To mechanically mix I (33,0 g, 75 mmol 99: 1 TRANS/CIS). The mixture was stirred at 20 to 25oC until complete dissolution of the solids, when the two phases became clear. The mixture was allowed to settle and then separated the layers. Aqueous (lower) phase was extracted with ethyl acetate (50 ml). The organic layers were combined and then washed with saturated aqueous sodium chloride (50 ml). To a well stirred solution in ethyl acetate was slowly added concentrated hydrochloric acid (12 M, 6,25 ml, 75 mmol). While adding the product crystallized. The mixture was concentrated in vacuo (200 mbar (2104PA), replacing ethyl acetate as needed, as long as the water content of the solution was less than 0.1 mg/ml at a volume of 150 ml and the Mixture was cooled to 20 - 22oC and then stirred for 12 - 18 h at this temperature. The mixture was filtered and the filter cake was washed with ethyl acetate (CH ml). The product was air-dried, then dried in vacuum [100 mbar (1104PA) a stream of nitrogen, 45 - 50oC] up to constant weight.

Output: 26,4 g (98% yield, 64% of the total output of hydroxysulfonic 11) of the crude hydrochloride aminosulfonic 1 in the form of a white crystalline solid.

Jhud: more than 99% (method described above).
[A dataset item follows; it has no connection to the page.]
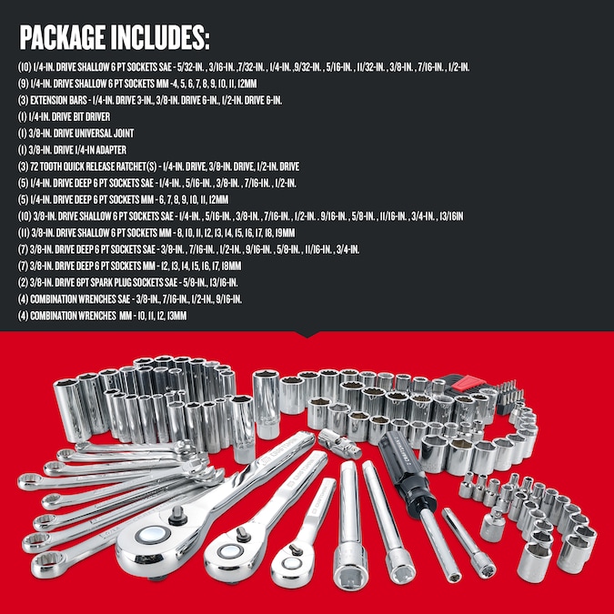 135 pc 3 Drive Mechanics Tool Set comes equipped with 72 Tooth ratchets, a broad assortment of drive tools, and a rugged blow mold case. This case is constructed with metal hinges for separate sets, and the dimensions are specifically designed to fit into CRAFTSMAN® metal storage boxes for easy organization. 135 pc set includes (10) 1/4-in Drive Shallow 6 PT Sockets SAE (5/32, 3/16, 7/32, 1/4, 9/32, 5/16, 11/32, 3/8, 7/16, 1/2-in), (9) 1/4-in Drive Shallow 6 PT Sockets Metric (4, 5, 6, 7, 8, 9, 10, 11, 12mm), (5) 1/4-in Drive Deep 6 PT Sockets SAE (1/4, 5/16, 3/8, 7/16, 1/2-in), (7) 1/4-in Drive Deep 6 PT Sockets Metric (6, 7, 8, 9, 10, 11, 12mm), (10) 3/8-in Drive Shallow 6 PT Sockets SAE (1/4, 5/16, 3/8, 7/16, 1/2, 9/16, 5/8, 11/16, 3/4, 13/16-in), (11) 3/8-in Drive Shallow 6 PT Sockets Metric (8, 10, 11, 12, 13, 14, 15, 16, 17, 18, 19mm), (7) 3/8-in Drive Deep 6 PT Sockets SAE (3/8, 7/16, 1/2, 9/16, 5/8, 11/16, 3/4-in), (7) 3/8-in Drive Deep 6 PT Sockets Metric (12, 13, 14, 15, 16, 17, 18mm), (9) 1/2-in Drive Shallow 12 PT Sockets SAE (3/8, 7/16, 1/2, 9/16, 5/8, 11/16, 3/4, 13/16, 7/8-in), (8) 1/2-in Drive Shallow 12 PT Sockets Metric (14, 15, 16, 17, 18, 19, 21, 22mm), (1) 1/4-in Drive Ext Bar (3-in), (1) 3/8-in Drive Ext Bar (6-in), (1) 1/2-in Drive Ext Bar (6-in), (2) 3/8-in Drive Spark Plug Sockets (5/8-in and 13/16-in), (1) 1/4-in Drive Bit Driver, (16) Short Arm Hex Keys, (4) SAE Combination Wrenches (3/8, 7/16, 1/2, 9/16-in), (4) Metric Combination Wrenches (10, 11, 12, 13mm), (1) 1/4-in Drive Ratchet, (1) 3/8-in Drive Ratchet, (1) 1/2-in Drive Ratchet, (1) 3/8-in Drive Size Adapter (1/4-in), (1) 3/8-in Drive Universal Joint and (17) Specialty Bits.

Stage H: Methodology pmida 1 (26,4 g, 73 mmol) in water (70 ml) was heated at 90 - 95oC to dissolve the solid. To a hot solution was added activated charcoal (Darco kV, 0.26 g) and the mixture was stirred for 15 min at 90 - 95oC. the Mixture was filtered hot (85 - 90oC) through the well-washed layer accelerator filtering (Super Cel). The filtered precipitate was washed with boiling water (9 ml). The filtrate and washing the precipitate were combined and the product was allowed to crystallize by cooling a well-mixed solution to 60oC. the Mixture was stirred for 1 h at 60oC or up until the product has not been turned into a thermodynamically more stable polyhydrate crystalline form. The mixture is then slowly cooled to 3oC and then was stirred for 1 h at this temperature. The mixture was filtered cold filtering using the mother solution for rinsing the precipitate. The product was air-dried, then dried in vacuum [100 mbar (1104PA), the stream of nitrogen, 45 - 50oC] up to constant weight.

Output: 24.2 g (92% yield, 59% of the total output of hydroxysulfonic 11) pure hydrochloride salt of aminosulfonates 1 in the form of a white crystalline solid.

Jhud: 99,9% (by area) (254 nm)UB> = -17,1oC (C = 1.00 m H2O)

So pl.: 238oC (DS, C, tilt 2oC /min)

1H-NMR (DMSO - d6) to 9.91 (Shir. S., 1H), 9,63 (Shir. s, 1H), 8,21 (c, 2H), 8,02 (s, 1H), 4,68 (Shir. S., 1H), 4,37 (m, 2H), 3,19 (Shir. S., 1H), 3.04 from (Shir. s, 1H), 2,80 (d, 1H), to 2.55 (m, 1H), 1.39 in (d, 3H), of 1.29 (d, 3H).

13C-NMR: (DMSO - d6) 149,7 (C), 141,9 (C), 137,4 (C), 130,7 (C), 51,6 (C), and 49.2 (C) and 40.8 (C) 30,7 (C) and 11.1 (C) 10,0 ().

Microanalysis: calculated Analytically for C10H17N2O4S3Cl:

C 33,28, H 4,75, N 7,76, S 26,66, Cl 9.84.

Determined: C 33,33, H 4,70, To 7.67 N, S 26,60, Cl 9,77.

1. The method of obtaining 7,7-dioxide and 5,6-dihydro-(S)-4-(alkylamino)-(S)-6-alkyl-4H-thieno(2,3-b)thiopyran-2-sulfonamida General formula I

where R and R1the same or different and represents a C1- C3-alkyl,

in optical form on C-6and in crystalline form, preserving transderivational ratio among deputies of C-4and C-6or its hydrochloric salt, characterized in that a) a compound of General formula II

< / BR>
treated with a nitrile of the formula

RCN

and a strong acid so that the amount of water present, depending on the used acid was in the range of 0.5 to 10.0 wt.%, with the formation of compounds of General formula III


< / BR>
c by treating compound IV with thionyl chloride to form compounds of formula V

< / BR>
d by treating compound V ammonia with the formation of the compounds of formula VI

< / BR>
e by treating compound VI with sodium borohydride and hydrocyanic acid or a complex of borane-tetrahydrofuran or brandibelle with the formation of the compounds of formula I

< / BR>
f selection of compound I in free form or in the form of a salt of maleic acid VIII, g the transformation of compounds VIII in salt hydrochloric acid I and h cleaning hydrochloride compounds of formula I.

2. The method according to p. 1, characterized in that R and R1represent methyl.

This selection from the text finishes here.